Codex 1 is listed under Proprietary. Llama 2 7B is listed under Open Source. License labels affect whether you can self-host, redistribute weights, or rely only on hosted APIs, so confirm the upstream license before deployment.
Which is better for reasoning mode, Codex 1 or Llama 2 7B?
Codex 1 has the clearer documented reasoning mode signal in this comparison. If reasoning mode is mission-critical, validate it against the provider endpoint because model-level support and API-level exposure can differ.

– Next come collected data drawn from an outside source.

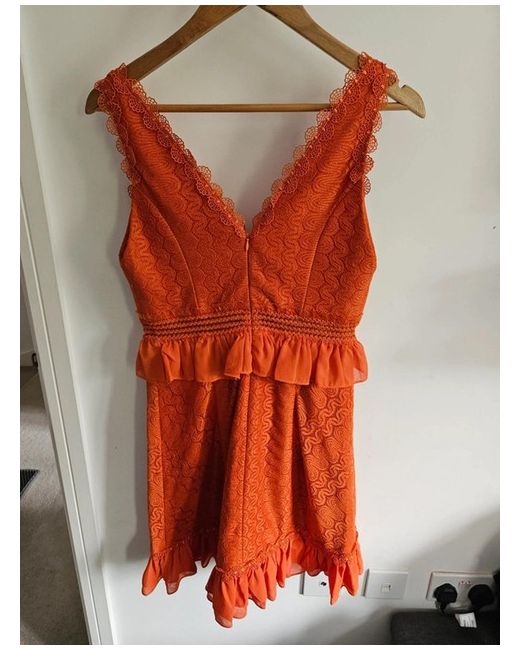 Three Floor designer orange lace dress never been worn uk size 10. Lots of lace detailing into this dress. Fully lined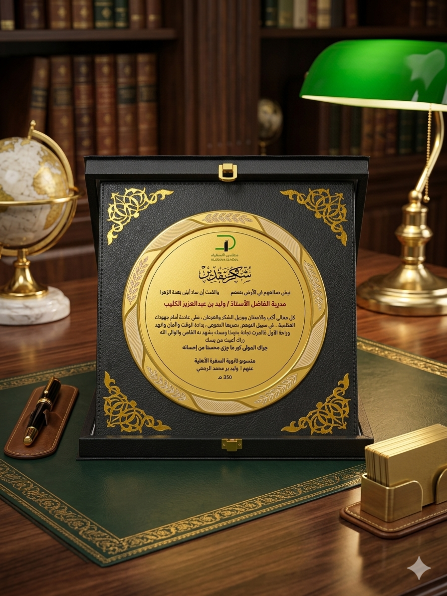 عندما يكون الإنجاز استثنائياً، يجب أن يكون التكريم موازياً له في الفخامة. نقدم لكم درع جلد  ، القطعة الأكثر رقيّاً لتخليد لحظات الشكر والتقدير. صُمم هذا الدرع بعناية فائقة ليجمع بين كلاسيكية الجلد الأسود المطرّز بالذهب وعصرية اللوحة الدائرية المصقولة، مما يجعله الخيار الأول لتكريم الشخصيات القيادية والمدراء والمبدعين. بفضل تصميمه المهيب، يضفي هذا الدرع لمسة من الهيبة والوقار على أي مكتب يوضع فيه.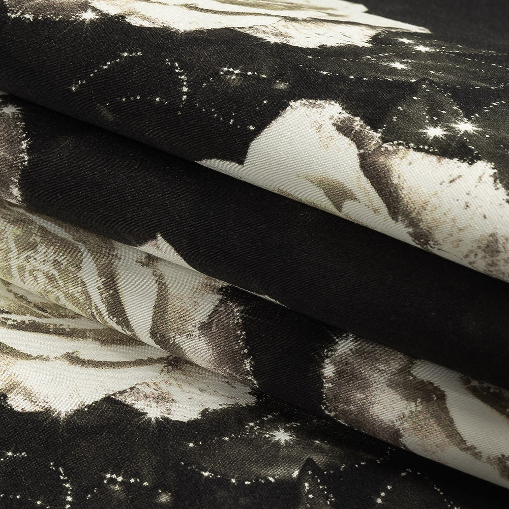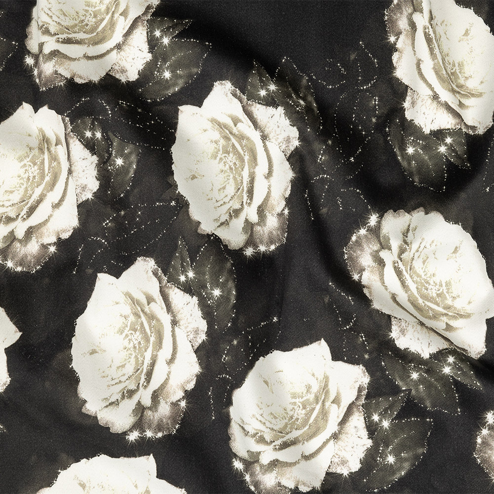 Stretch Cotton Sateen - Black and White Starry Floral - Rose Dread Print - Mood Exclusive Twilight Collection

Which is better for code execution, Codex 1 or Llama 2 7B?
Codex 1 has the clearer documented code execution signal in this comparison. If code execution is mission-critical, validate it against the provider endpoint because model-level support and API-level exposure can differ.
Where can I run Codex 1 and Llama 2 7B?
Codex 1 is available on the tracked providers still being sourced. Llama 2 7B is available on Fireworks AI. Provider coverage can affect latency, region availability, compliance posture, and fallback options.
When should I pick Codex 1 over Llama 2 7B?
Treat this as a product-type comparison: Codex 1 is coding-specialized model, while Llama 2 7B is standalone API model. Choose based on workflow fit before reading any benchmark or price row as decisive. If your workload also depends on coding workflow support, start with Codex 1; if it depends on provider fit, run the same evaluation with Llama 2 7B.
Continue comparing
Last reviewed: 2026-04-18. Data sourced from public model cards and provider documentation.